A character string specifying the name of the attribute to extract from each column (e.g., "label").

na.rm

Logical; if TRUE, rows for which the attribute is missing (NA) are omitted from the output. Default is TRUE.

Details

The function iterates over each column in the input data frame df and retrieves the specified attribute using attr(). If the attribute is not found for a column, NA is returned as its description.

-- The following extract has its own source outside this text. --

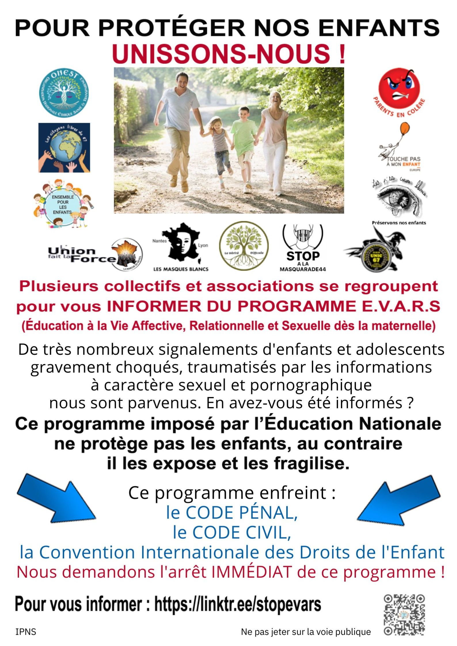 Selon eux, les professeur.es et intervenant.es apprennent aux enfants de 0 à 4ans à se masturber 2, des images pornographiques 3 sont diffusées en classe, les programmes sont dispensés sans prise en compte de l’âge des élèves dans le but de les choquer 3 et d’en faire de la « chaire à pédophile » 4 (selon certains collectifs, la pédophilie aurait d’ailleurs été légalisée dans le monde par le rapport de l’OMS appelé « Standards pour l’éducation sexuelle en Europe » publié en 2010 5) etc. Ces propos sont accompagnés de brochures qui seraient distribuées aux élèves mais la source n’est pas précisée ni la manière dont ils et elles se sont procuré.es le document allant même jusqu’à mentir quant au public concerné dans l’espoir de susciter l’indignation 6. On ne s’embarrasse pas avec l’esprit critique ni avec les faits, ce qui compte c’est que l’information choque !

The resulting data frame acts as a dictionary for the variables, which is particularly useful for documenting datasets during exploratory data analysis.

Value

A data frame with two columns:

name

The names of the variables in df.

description

The extracted attribute values from each variable.

Author(s)

E. F. Haghish

Examples

  # Example: Generate a dictionary of variable labels using the USJudgeRatings dataset.
  # This dataset contains ratings on various performance measures for U.S. federal judges.
  data("USJudgeRatings")

  # Assume that the dataset's variables have been annotated with "label" attributes.
  # which is the default label read by dictionary
  attr(USJudgeRatings$CONT, "label") <- "Content Quality"
  attr(USJudgeRatings$INTG, "label") <- "Integrity"
  attr(USJudgeRatings$DMNR, "label") <- "Demeanor"
  attr(USJudgeRatings$DILG, "label") <- "Diligence"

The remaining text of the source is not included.